Die Heimtierhaltung von Molchen und Salamandern ist im Vergleich zu anderen Bereichen der Terraristik eher wenig verbreitet und nach wie vor eher Gegenstand einer kleinen, aber engagierten Gruppe von Liebhabern. Doch lassen sich die Habitatansprüche vieler Schwanzlurche im Aquarium bzw. Terrarium sehr gut umsetzen. Die Tiere zeigen, wie jedem interessierten Naturfreund bekannt sein dürfte, darüber hinaus oft herrliche Farben und auch interessante Verhaltensweisen. Schließlich ermöglicht die Haltung und Nachzucht von Amphibien auch, anderen Menschen diese Tiere anschaulich näherzubringen und so für ihren Schutz zu werben.
Einige Klassiker der Amphibienhaltung entstammen der Famlilie Salamandridae, von der auf dieser Seite ja im Wesentlichen die Rede ist. Hier sind besonders verschiedene Vertreter der asiatischen Gattung Cynops (Feuerbauchmolche) seit vielen Jahrzehnten beliebt und bei den Liebhabern vertreten. Sie lassen sich mit den entsprechenden Kenntnissen sehr gut nachziehen, so das man heute keinesfalls mehr auf Wildfänge aus dem Zoohandel angewiesen ist. Auf dieser Seite möchte ich aber vorwiegend auf eine andere empfehlenswerte Art eingehen: Den Apuanischen Bergmolch Mesotriton alpestris apuanus.
2. Der Apuanische Bergmolch
2.1 Beschreibung

Männchen des Apuanischen Bergmolches im Hochzeitskleid. Man beachte die große Kloake und die bunte Färbung, welche derjenigen unseres heimischen Bergmolches stark ähnelt. Ursprünglicher Fundort dieses Zuchtstammes: Cardoso/Toskana. Foto: Chr.Schwerdt.

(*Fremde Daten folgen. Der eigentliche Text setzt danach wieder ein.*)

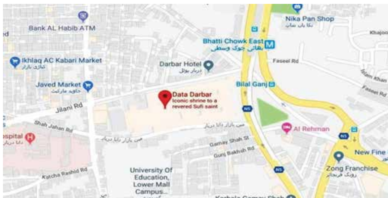
Fig. 1. Location of sampling area

SPM was further fractionated into alkanes, aromatics, nitrogen, oxygen and sulphur containing compounds by column chromatography using silica gel. Alumina was used to fractionate aromatic by column chromatography (Kalim et al. , 2016). One-way analysis of variance (ANOVA) was applied by using SPSS 17.0 (IBM SPSS Statistics 19).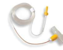
Oridion Vitaline H Set Adult/Pediatric 8300-0523-01 (Case of 25)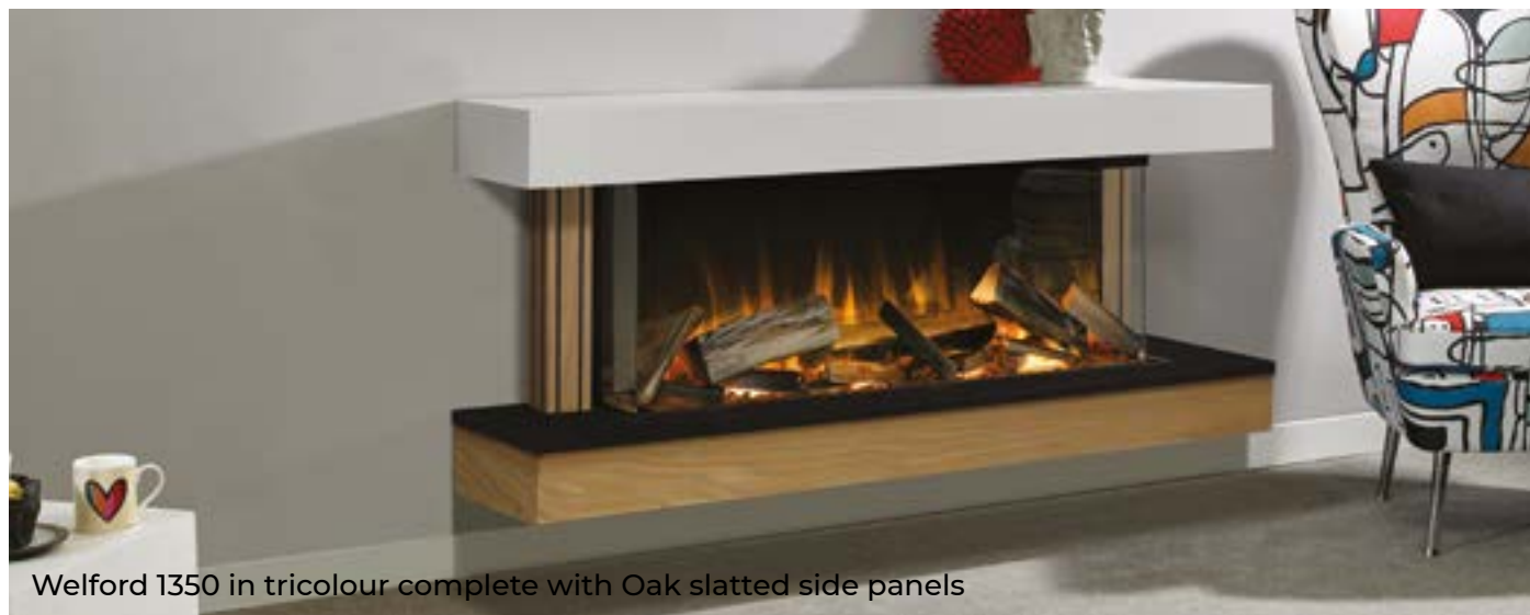
Welford 1350 in tricolour complete with Oak slatted side panels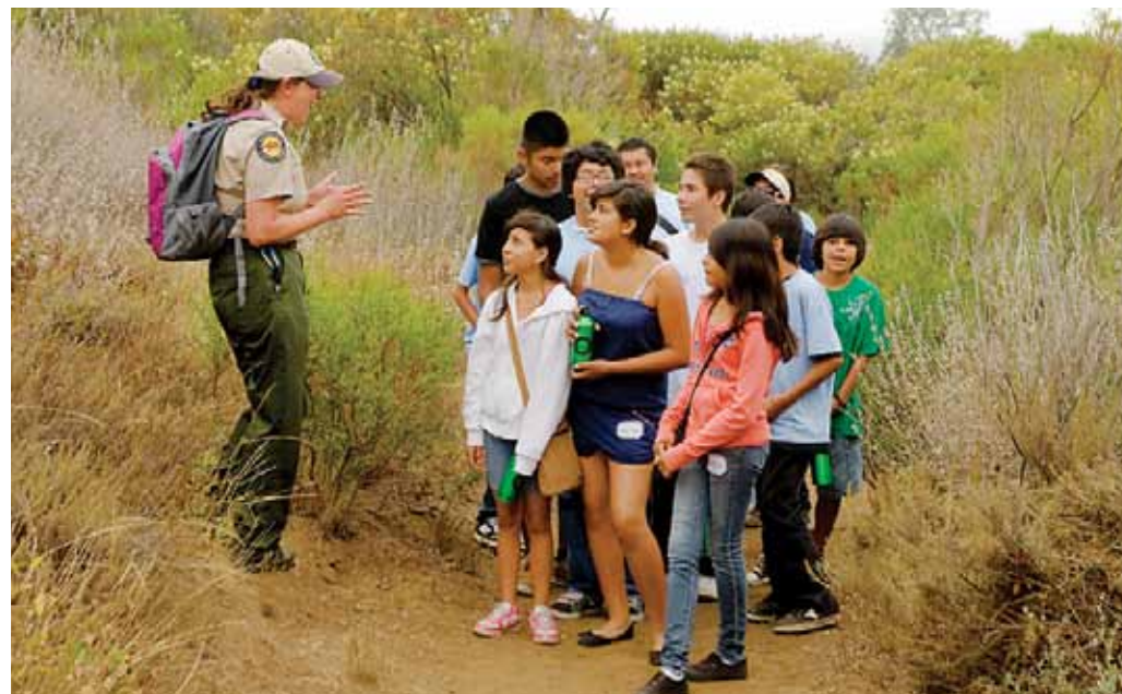
An interpretive walk through coastal sage scrub habitat

The Mediterranean climate and varied topography support chaparral, coastal sage scrub, riparian woodland, wildflowers and coastal strand plant communities. Higher inland regions support dense brush, fire-adapted chaparral species such as chamise, manzanita, ceanothus and scrub oak. Lower elevations are home to the sage scrub plant community—prickly pear cactus, buckwheat, giant coreopsis, California sagebrush and bush sunflower. Riparian plant communities—California bay, willow, black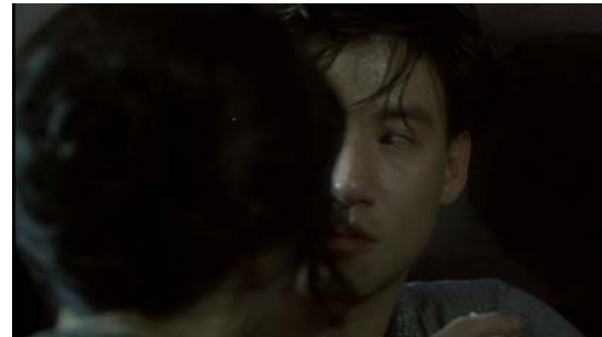
Figure 13 Collateral (2004).

Dieses adulte, etwa 5 Jahre alte Weibchen von M. a. apuanus zeigt schon im Winter einen kräftigen Laichansatz, welcher seine füllige Gestalt erklärt. Ursprünglicher Fundort dieses Zuchtstammes: Cardoso/Toskana. Foto: Chr.Schwerdt.
Im Wesentlichen gleicht M. alpestris apuanus seinem mitteleuropäischen Vetter M. alpestris alpestris, also unserem heimischen Bergmolch. Eine sichere Unterscheidung von der Nominatform ist nicht bei jedem Exemplar möglich. Das wichtigste Unterscheidungsmerkmal bezieht sich auf die Färbung der Bauchseite. Apuanische Bergmolche zeigen tendenziell eine verstärkte Fleckung im Kehlbereich, welche sich besonders zu den Körperflanken hin auch proximal ausdehnen kann. Mitteleuropäische Bergmolche zeigen indessen meist nur einige Flecken entlang der Kehlfalte oder sind unterseits generell ungefleckt. Andere Zeichnungsmerkmale, welche für die Unterscheidung beider Unterarten genannt werden, wie z.B. eine besonders leuchtende Färbung bei M. a. apuanus, liegen weitestgehend im Bereich der Nominatform. Es ist daher dringend notwendig, weitere Merkmale nachzuweisen, welche die Aufrechterhaltung der Unterart M. a. apuanus gerechtfertigt erscheinen lassen (Vgl. hierzu auch GROSSENBACHER u.a., 1999).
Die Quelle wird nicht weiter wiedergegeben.